France — not to be confounded with the ECtHR case mentioned above— concerning a Sikh wearing a turban on an identity document In both cases the
Human Rights jurisdictions do not only differ on outcome (violation v. inadmissibility) but their approach towards the applicant is completely opposite.
While the ECtHR views the cases merely in light of the interests of the State, the
UN Committee balances the arguments of all parties in a more convincing way, taking the fundamental rights of the applicants seriously all the while acknowledging the State’s interests. Hence, with this case the UN Committee gives again a clear signal that a general principle such as secularism, however important, cannot blindly trump individuals’ rights, such as the right to freedom of religion, without looking at the particularities of the case.

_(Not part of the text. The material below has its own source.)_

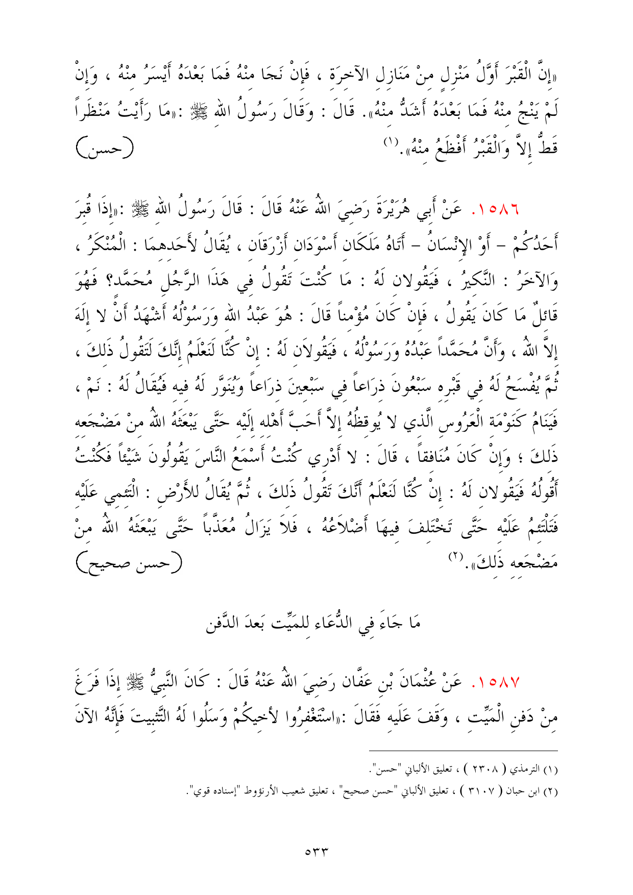 1587 - عَنْ عُثْمَانَ بْنِ عَفَّان رَضِيَ اللهُ عَنْهُ قَالَ: كَانَ النَّبِيُّ - صلى الله عليه وسلم - إِذَا فَرَغَ مِنْ دَفنِ الْمَيِّتِ، وَقَفَ عَلَيهِ فَقَالَ: «اسْتَغْفِرُوا لأخِيكُمْ وَسَلُوا لَهُ التَّثبِيتَ فَإِنَّهُ الآنَ

The question now arises what consequences these cases might have at the domestic level, such as for example in Belgium where the board of Flemish public schools announced that they will introduce a blanket ban on religious symbols in all their schools starting from next school year. The least that can be said is that – while the domestic authorities confidently used to refer to ECtHR case law to justify their ban on religious garment in schools – from now on the issue is not clear-cut anymore. The ECtHR refers to the margin of appreciation of the State. What the UN Committee makes clear here is that while dealing with these issues, the authorities should take the interests of the individual truly into
account and should be careful not to “sacrifice” his or her fundamental rights in an unnecessary and disproportionate way.